Provided data:
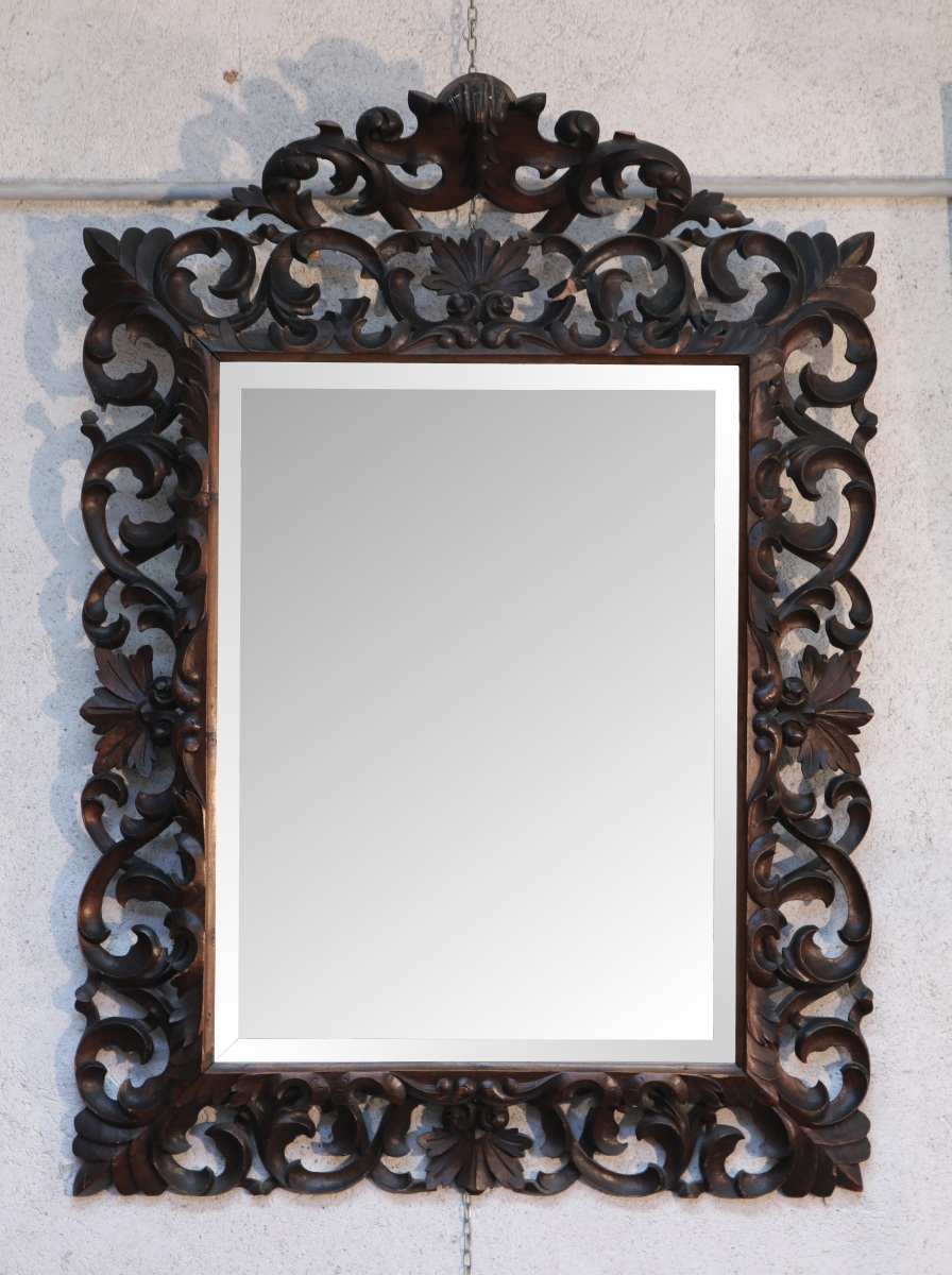 MIROIR de forme rectangulaire en bois sculpté et teinté. Riche décor ajouré d'enroulements feuillagés. Glace biseautée.
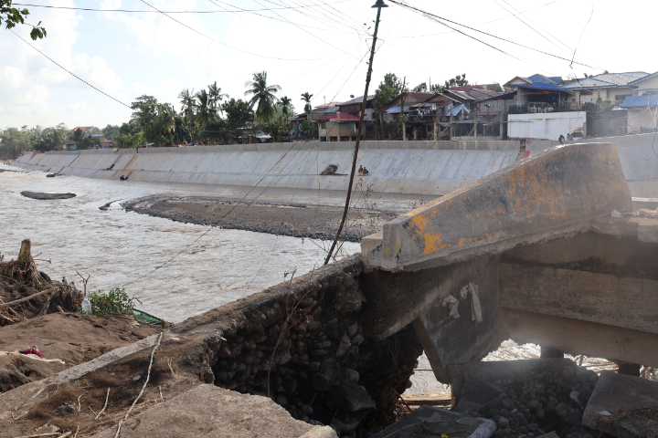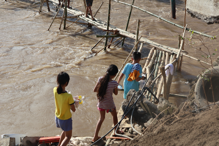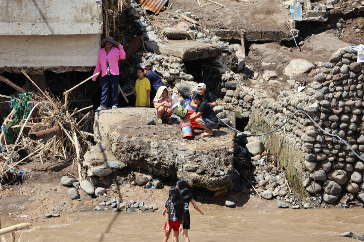 MAKESHIFT. With the concrete bridge destroyed by the rushing whitewater and debris at the height of the storm, residents are left crossing on a bamboo bridge to get relief and food packs which are mainly distributed in evacuation shelters.
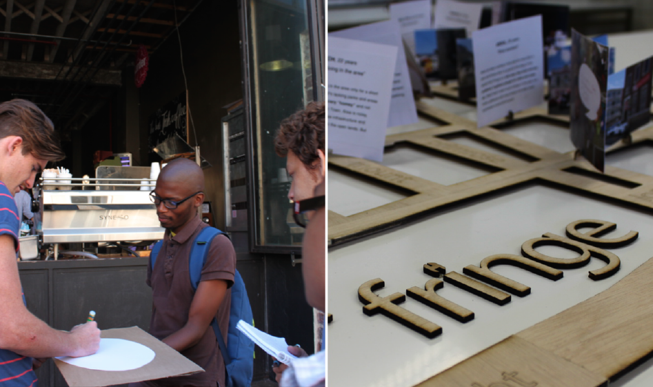 At the end of February students from KISD came to hold a week long workshop to study and discuss the topic and the potential role of design in urban development together with CPUT students. We started with an introduction on findings from Neukölln, Berlin and were then divided into groups to investigate and produce presentations on the phenomena from Cape Town perspective. My group decided to focus on Fringe, an area with rather shady reputation but under government lead renewal programme. Our aim was to map the “voices” and thoughts of the people living and working in the Fringe, about the past, present and future. We interviewed people representing different “walks of life” and created a three dimensional map of the area with citizen profiles, as well as an audio recording of the expressed viewpoints.
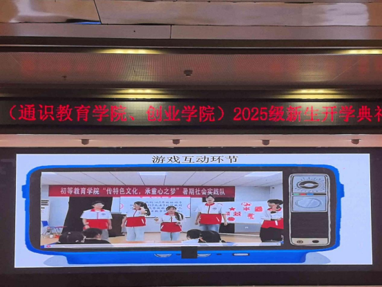 伴着金秋的清爽与枝头的硕果,崭新的学期正式开启。为了帮助2025级新生更快融入校园生活、明确学业方向,同时传递暑期社会实践的宝贵经验,9月10日,初等教育学院(通识教育学院、创业学院)于北校区学术报告厅举行2025级开学典礼暨暑期社会实践分享会。出席本次活动的有初等教育学院党总支书记潘中锋老师、院长王霞老师、党总支副书记李春梅老师,25级各班班主任、全体辅导员老师以及25级全体新生。

About this task: Skip all pictures. Then give again, exactly, each line from the line holding "MAKESHIFT. With the" through the last line of the listing above, both ends included.

Problem solution:
 MAKESHIFT. With the concrete bridge destroyed by the rushing whitewater and debris at the height of the storm, residents are left crossing on a bamboo bridge to get relief and food packs which are mainly distributed in evacuation shelters.
 At the end of February students from KISD came to hold a week long workshop to study and discuss the topic and the potential role of design in urban development together with CPUT students. We started with an introduction on findings from Neukölln, Berlin and were then divided into groups to investigate and produce presentations on the phenomena from Cape Town perspective. My group decided to focus on Fringe, an area with rather shady reputation but under government lead renewal programme. Our aim was to map the “voices” and thoughts of the people living and working in the Fringe, about the past, present and future. We interviewed people representing different “walks of life” and created a three dimensional map of the area with citizen profiles, as well as an audio recording of the expressed viewpoints.
 伴着金秋的清爽与枝头的硕果,崭新的学期正式开启。为了帮助2025级新生更快融入校园生活、明确学业方向,同时传递暑期社会实践的宝贵经验,9月10日,初等教育学院(通识教育学院、创业学院)于北校区学术报告厅举行2025级开学典礼暨暑期社会实践分享会。出席本次活动的有初等教育学院党总支书记潘中锋老师、院长王霞老师、党总支副书记李春梅老师,25级各班班主任、全体辅导员老师以及25级全体新生。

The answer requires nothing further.